Leeadra is already shoving them out of the pilot’s seat. Once Boomer’s out of the way, Leeadra rockets into the chair.

As eir hands fly across the controls, Leeadra demands, “What you do??”

Boomer sags against the bulkhead, standing behind eir seat. “It, uh, felt like an order.”

“You can’t say no?!”

“It’s hard to,” they say, and Leeadra pauses, then, and then keys in one final command. The proximity alert cuts off, leaving the cockpit in silence. 

Leeadra turns around and looks at them. 

Boomer scrubs a hand over their face. Some days, they start to feel like themself again. Others, they find themself apologizing repeatedly. “Sorry. Hell.”

Leeadra watches them for another couple of seconds, headtails moving in a pattern that Boomer doesn’t understand yet, then says, “Will be more careful, what I say. And you don’t have to do. Can say no.”

“I know,” says Boomer, and they do. They just don’t normally have to say no to Leeadra. Ey has good ideas.
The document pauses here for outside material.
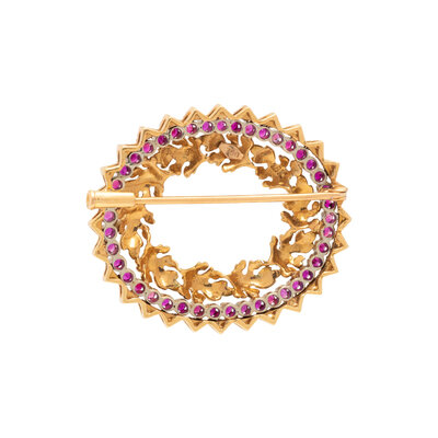 Round rubies. 18 karat yellow and white gold. 1 1/2 x 1 1/4 inches.
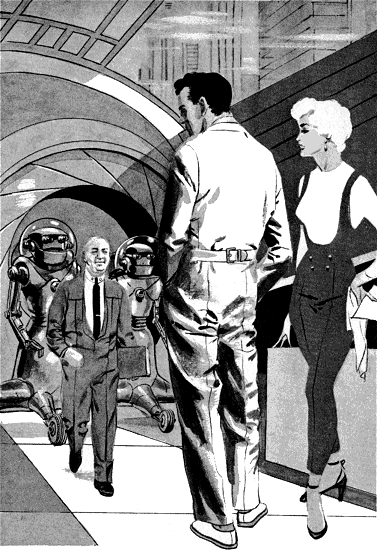 About one thousand miles farther on in that direction, where a cluster of stratosphere-tickling towers marked the location of the metropolis of NewNew York, a tender scene was being enacted in the pressurized penthouse managerial suite of Puffy Products. Megera Winterly, Secretary in Chief to the Managerial Board and referred to by her underlings as the Blonde Icicle, was dealing with the advances of Roger ("Racehorse") Snedden, Assistant Secretary to the Board and often indistinguishable from any passing office boy.

Boomer _likes_ eir orders. They could use somebody telling them what to do, still, sometimes.

Other than when instinct almost results in them tearing the _Jiri Wayfarer_ apart with a jump to lightspeed from inside the belly of a starship, anyway. 

“Okay. We go again,” Leeadra says. Eir big black eyes narrow slightly and ey points at the co-pilot’s chair, where Boomer won’t have navigational power unless it’s routed in by Leeadra. “Over there.”

Boomer smiles, small. They try again.

* * *

Boomer starts to follow grav-ball, and they catch their first game in-person on a space station on the edge of Wild Space, surrounded by the frenetic energy of hundreds of screaming fans. They’re not sure they’ve ever laughed so much in their life.

Leeadra throws them off the ship for a few days on Lorrd while ey has other business to attend to. The first morning Boomer wakes up in a Lorrd City hotel with nowhere they have to be and nothing in particular to do is disconcerting, but they ask the hotel bartender for recommendations. They visit a museum for the first time in their life. They eat at cafes and completely fail to comprehend the Lorrdians’ impressive, subtle kinetic communication of body posture, gestures, and facial expressions — thankfully, the Lorrdians all speak Basic, too. They spend an afternoon sitting in the grass at a beautifully-landscaped park. They’d still rather keep themself busy, all in all, but having the option to figure out what they want to do — they like that.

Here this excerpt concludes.